EXERCISE DETAILS:
Everything from the line holding "À l’intérieur, cette" to the end of the listing below should be copied exactly, line for line, minus the pictures.

____ RECORDS TO PROCESS

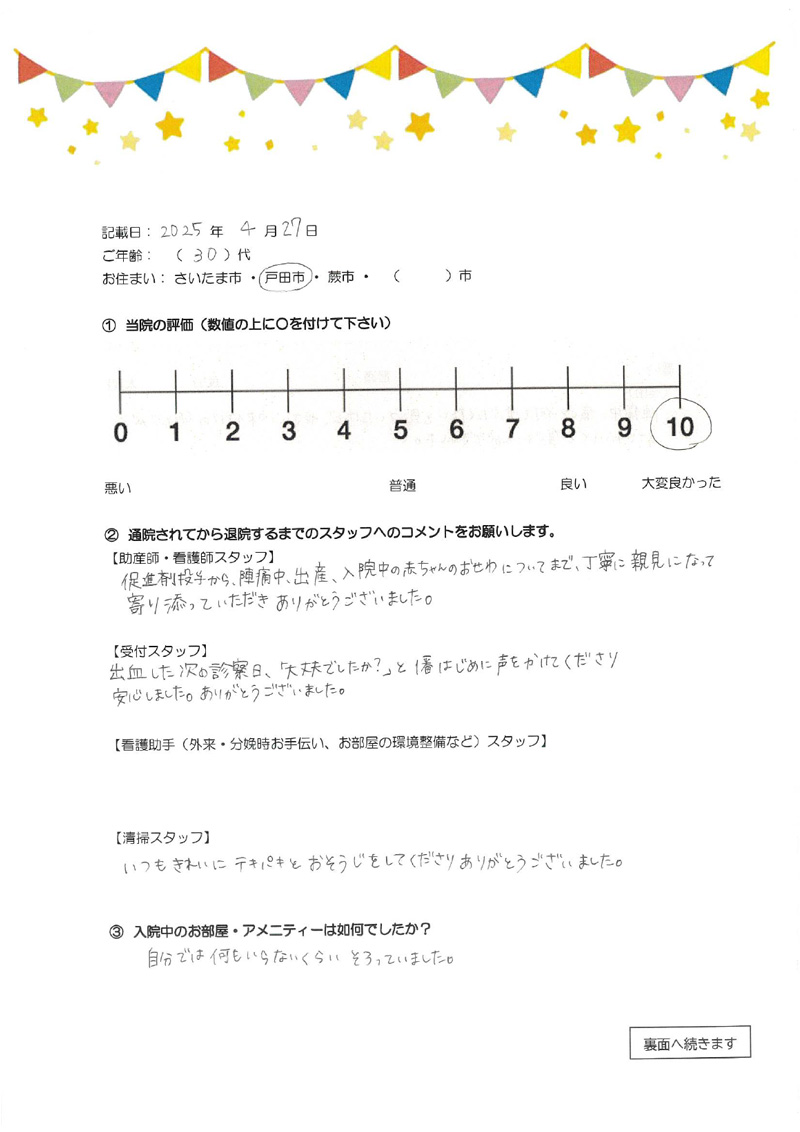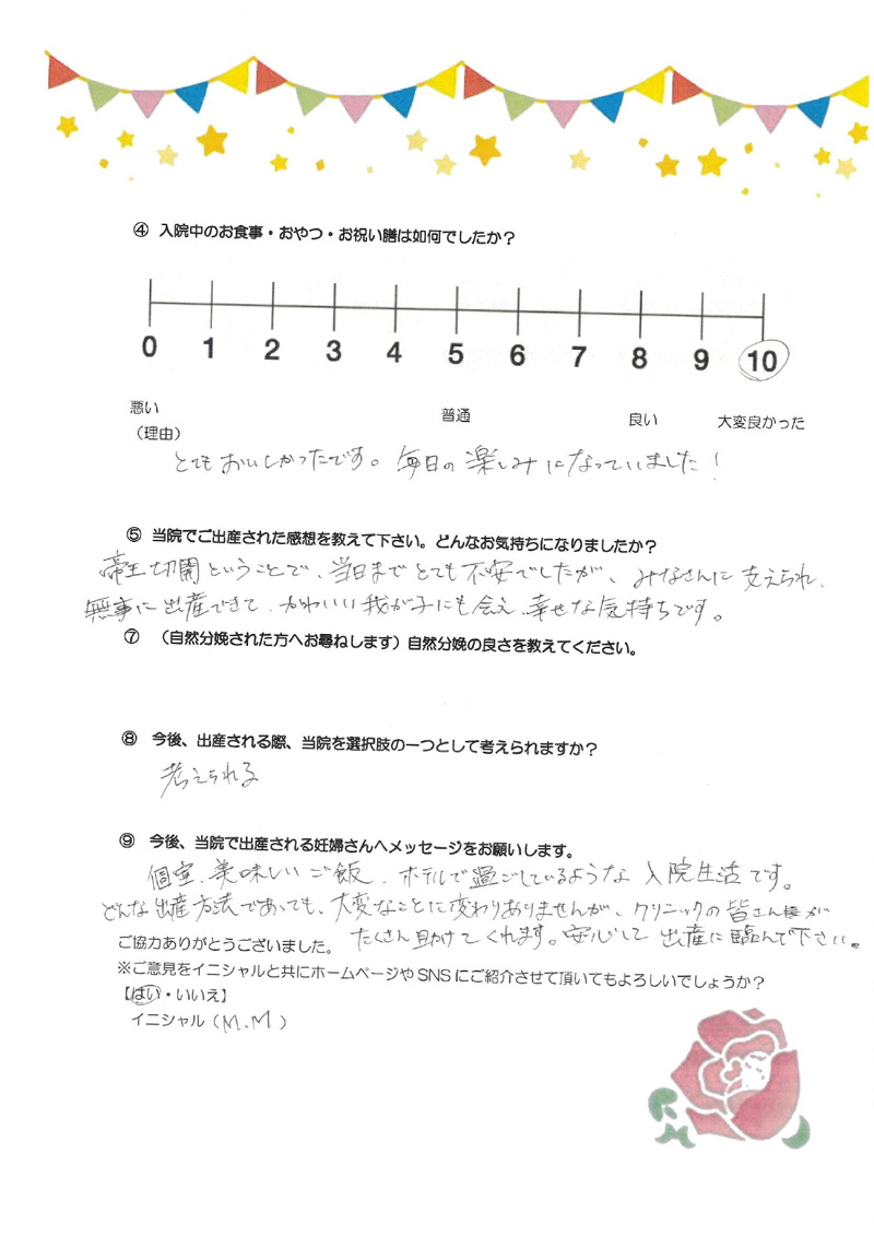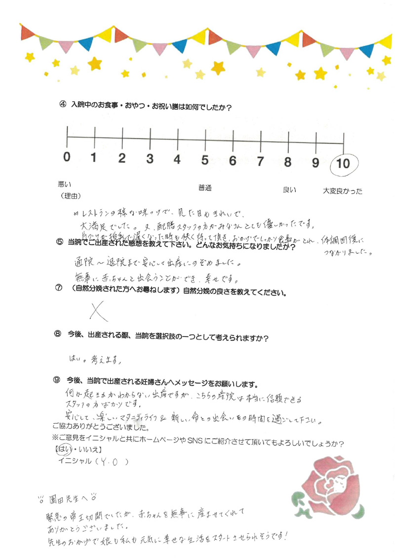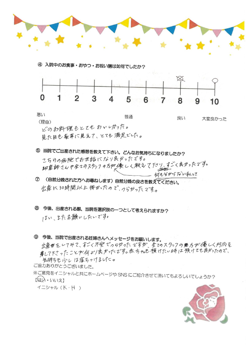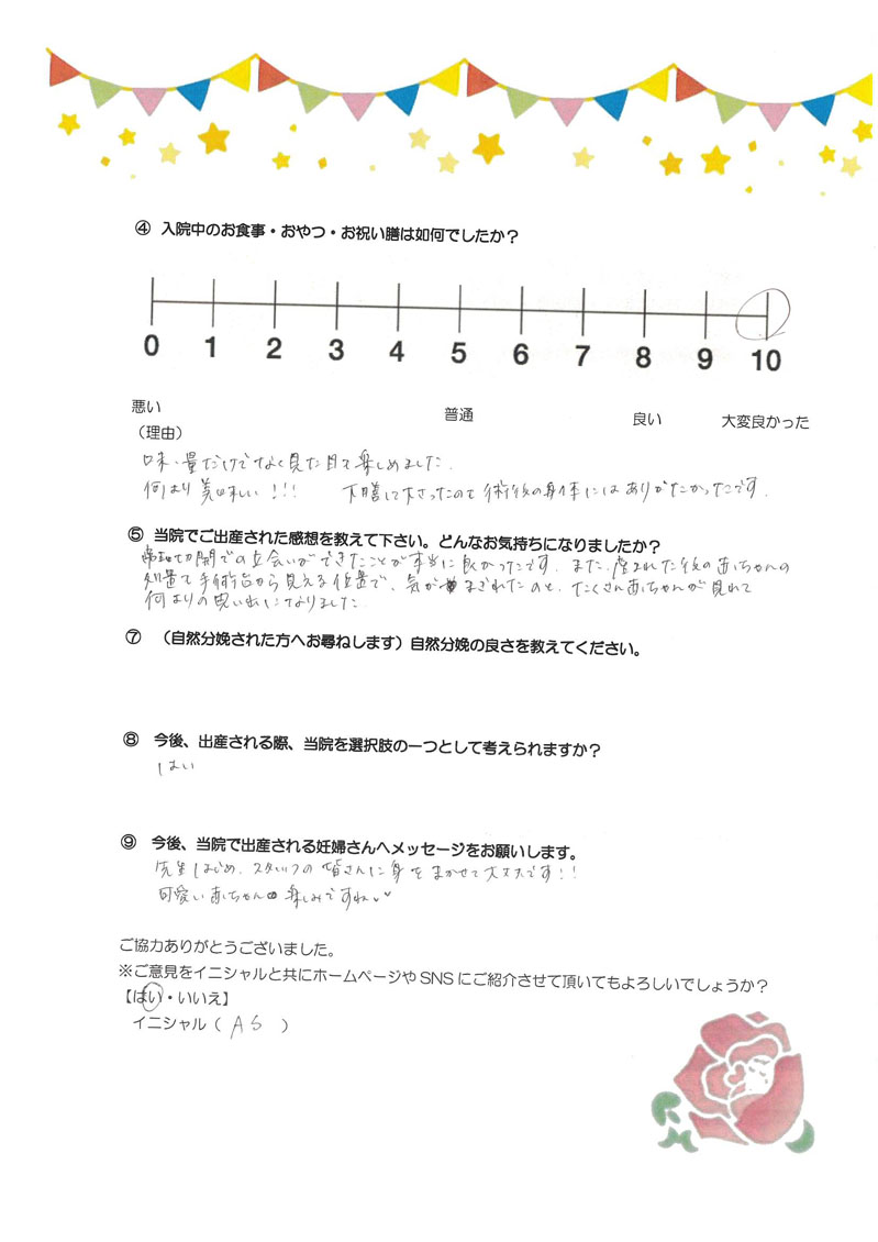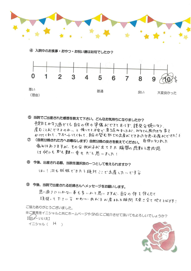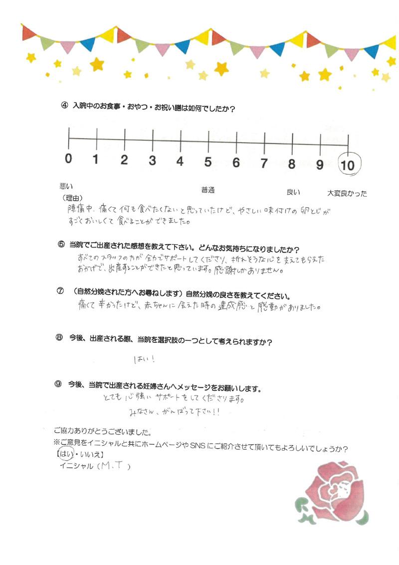 これから人生の大イベントを迎える方にとって、当院で出産された先輩ママ様たちの感想が参考になれば幸いです。
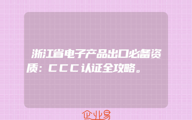 - 浙江省电子产品出口必备资质:CCC认证全攻略。
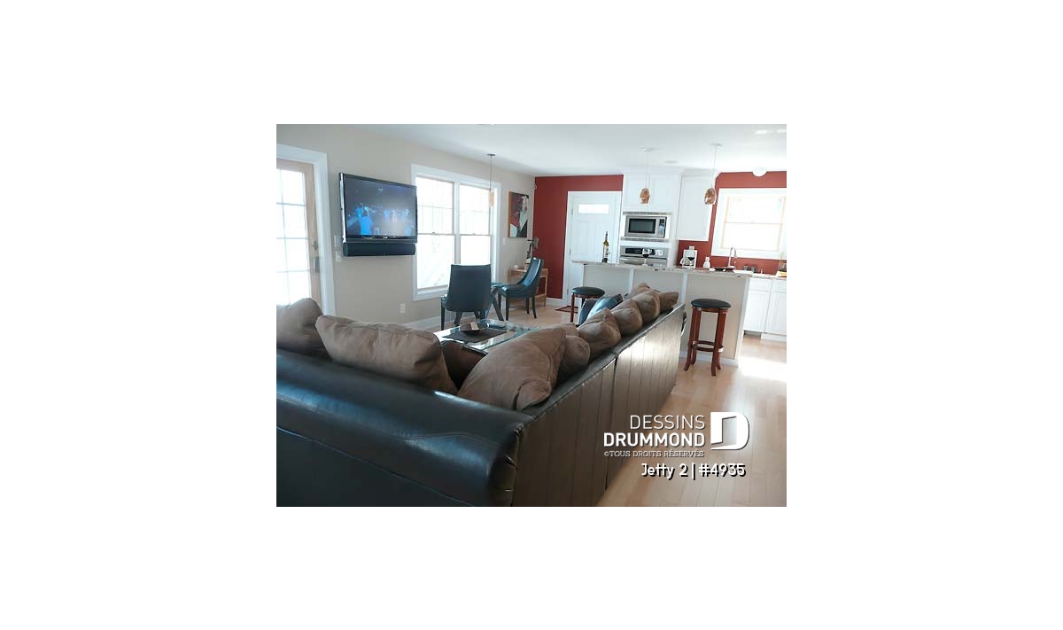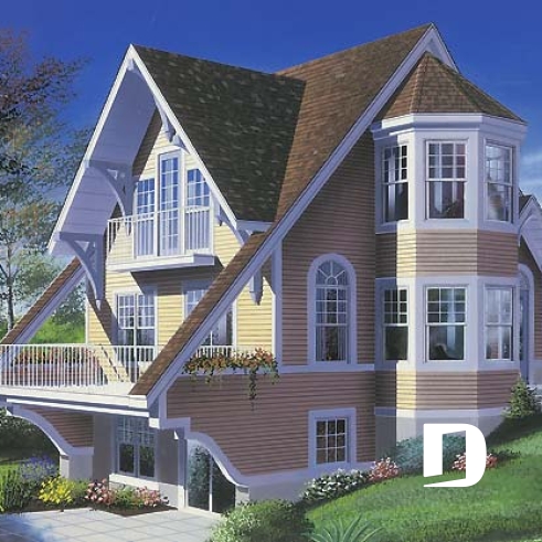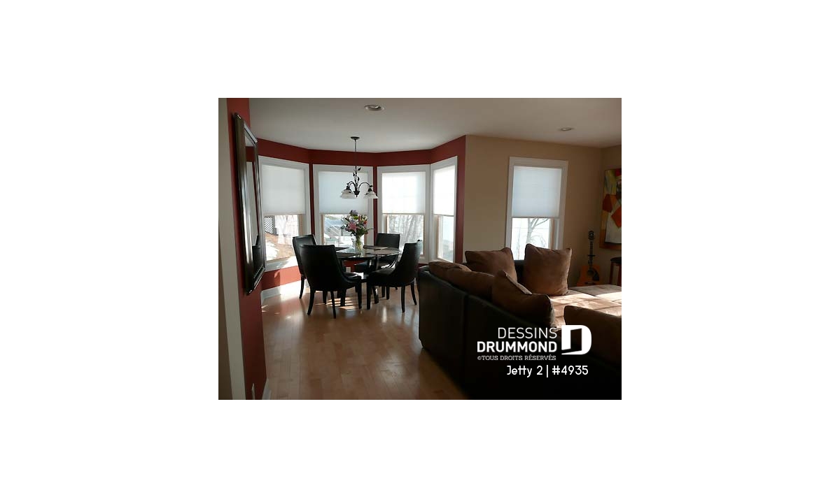 À l’intérieur, cette originalité se poursuit avec l’aménagement, au rez-de-chaussée, d’un vestibule de grand format, d’un secteur activités entièrement ouvert et agrémenté d’une fenestration abondante, d’un espace bain tourbillon dans la tourelle et d’une cuisine avec îlot-lunch central, un « must » dans ce genre d’habitation. À l’étage, ça se poursuit avec deux propositions dont une première suggérant deux chambres avec une salle de bain complète aménagée dans la partie tourelle et, une seconde, tout à fait exceptionnelle et suggérant une unique chambre des maîtres avec salle de bain éclatée et baignoire dans la tourelle. À noter ici que les deux propositions sont incluses au plan et que, pour chacune d’elles, des parties en mezzanine sont suggérées aux chambres de l’étage afin d’occuper ces espaces à plafonds en pente qui ne sont pas vraiment aménageables et ce, pour encore plus d’originalité.
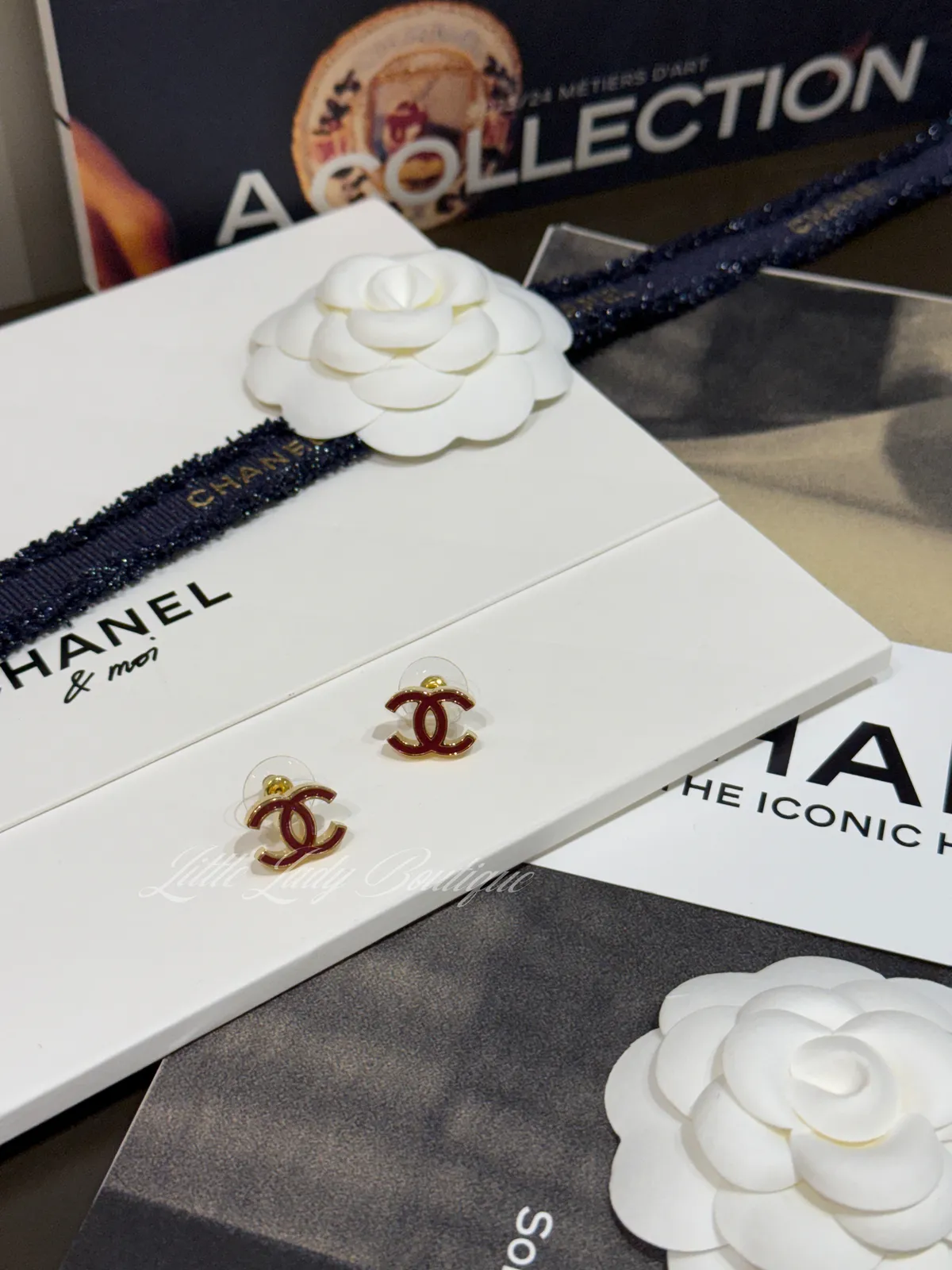 CHANEL 金邊 內暗紅色 雙C字 貼耳式 耳針耳環(1.5*1CM)
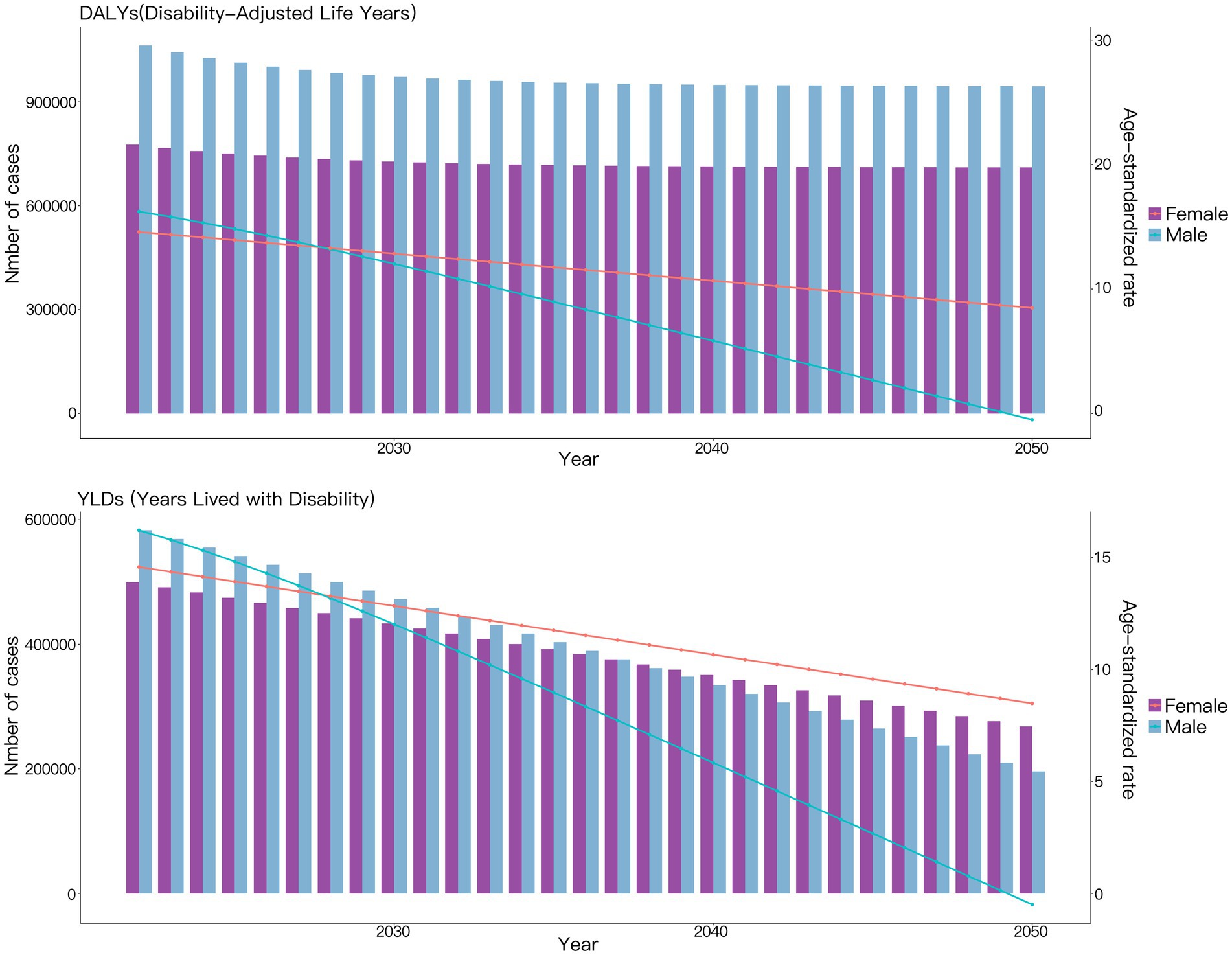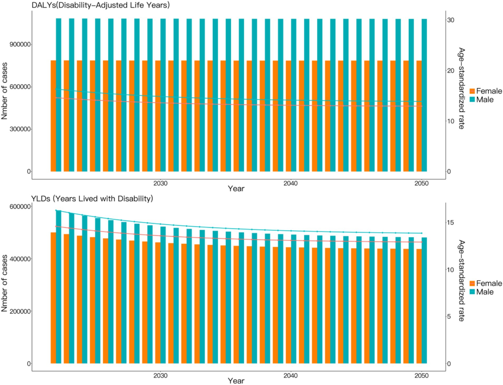 According to the prediction results of the ES model, differing from the predictions of the ARIMA model, the DALYs caused by NDs attributable to VAD are projected to remain almost unchanged for both males and females between 2022 and 2050. Additionally, the ASDR due to NDs attributable to VAD is expected to show only a slight decline during this period (Figure 5).
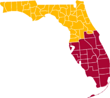 Southwest Florida, representing the state's southern Gulf Coast, has emerged as a directional vernacular region. Respondents from as far northwest as the Tampa Bay area identified their region as being in Southwest or Central Florida.[2] Confusing the matter further, the University of South Florida, named in part because of its status as the state's southernmost public university at the time of its 1957 founding, is located in Tampa.[3] Florida State Road 70 bisects approximately the southern third of Florida from west to east.

________

ANSWER SPACE:
 À l’intérieur, cette originalité se poursuit avec l’aménagement, au rez-de-chaussée, d’un vestibule de grand format, d’un secteur activités entièrement ouvert et agrémenté d’une fenestration abondante, d’un espace bain tourbillon dans la tourelle et d’une cuisine avec îlot-lunch central, un « must » dans ce genre d’habitation. À l’étage, ça se poursuit avec deux propositions dont une première suggérant deux chambres avec une salle de bain complète aménagée dans la partie tourelle et, une seconde, tout à fait exceptionnelle et suggérant une unique chambre des maîtres avec salle de bain éclatée et baignoire dans la tourelle. À noter ici que les deux propositions sont incluses au plan et que, pour chacune d’elles, des parties en mezzanine sont suggérées aux chambres de l’étage afin d’occuper ces espaces à plafonds en pente qui ne sont pas vraiment aménageables et ce, pour encore plus d’originalité.
 CHANEL 金邊 內暗紅色 雙C字 貼耳式 耳針耳環(1.5*1CM)
 According to the prediction results of the ES model, differing from the predictions of the ARIMA model, the DALYs caused by NDs attributable to VAD are projected to remain almost unchanged for both males and females between 2022 and 2050. Additionally, the ASDR due to NDs attributable to VAD is expected to show only a slight decline during this period (Figure 5).
 Southwest Florida, representing the state's southern Gulf Coast, has emerged as a directional vernacular region. Respondents from as far northwest as the Tampa Bay area identified their region as being in Southwest or Central Florida.[2] Confusing the matter further, the University of South Florida, named in part because of its status as the state's southernmost public university at the time of its 1957 founding, is located in Tampa.[3] Florida State Road 70 bisects approximately the southern third of Florida from west to east.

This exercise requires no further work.